Every day Poets & Writers Magazine scans the headlines—from publishing reports to academic announcements to literary dispatches—for all the news that creative writers need to know. Here are today's stories:
Former U.S. poet laureate and Pulitzer Prize–winner Philip Levine died Saturday [2] at age eighty-seven. Levine was known for his sharp observational style and matter-of-fact poems about industrial Detroit. Over the past fifty years, Levine published twenty-four books. New York Times critic Dwight Garner writes that Levine’s death [3] is a “serious blow for American poetry, in part because he so vividly evoked the drudgery and hardships of working-class life in America, and in part because this didn’t pull his poetry down into brackishness.”
In memory of Levine, read a Q&A with the poet [4]from the March/April 2012 issue of Poets & Writers Magazine, and listen to a recording of him reading his poem “The Mercy.” [5]

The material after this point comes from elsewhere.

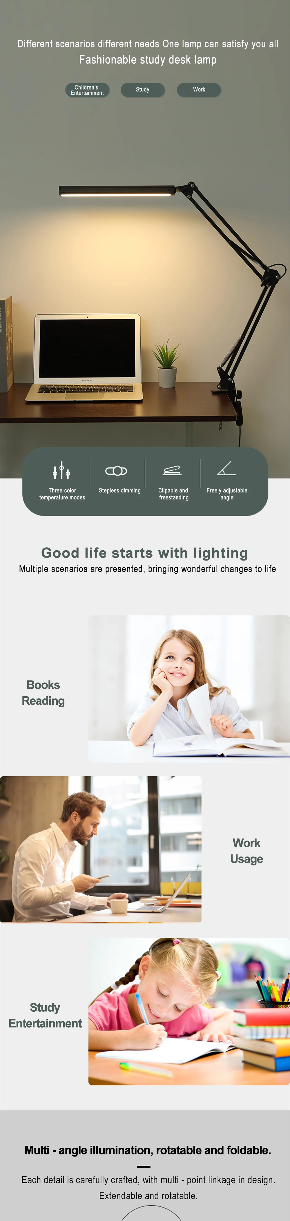 33CM LED Desk Lamp Adjustable Foldable Double Swing Arm Light Eye-Caring For Dormitory Study Office Architect Task Lamp Dimmable

Princeton University graduate William H. Scheide donated $300 million worth of rare books to the school [6]. Scheide’s collection of 2,500 books includes a 1455 Gutenberg Bible and a speech autographed by Abraham Lincoln in 1856. Scheide’s donation is the single largest in Princeton’s history. (NJ)
Anxiety over the decline of the English language [7] is a recurring topic, but not a recent phenomenon. “It was William Langland, author of ‘Piers Plowman,’ who wrote that ‘There is not a single modern schoolboy who can compose verses or write a decent letter.’ He died in 1386.” (Economist)
A literary life is the dream for most United Kingdom residents. According to a YouGov [8] poll, 60 percent of respondents answered that the most desirable job to have in Britain today is “author.” [9] (Guardian)
After the large bookstore chain Borders went out of business in 2011, many storefronts were left empty. Now, independent bookstores [10] are beginning to take over the former Borders spaces. (GalleyCat)
“A writer must handle a story with more care if he or she is writing about a traditionally oppressed group, especially if that writer does not face the same systemic disadvantages as his subjects.” At Electric Literature, Morgan Jerkins discusses the difficulties of writing across difference [11], as well as the struggle to properly critique works about marginalized groups.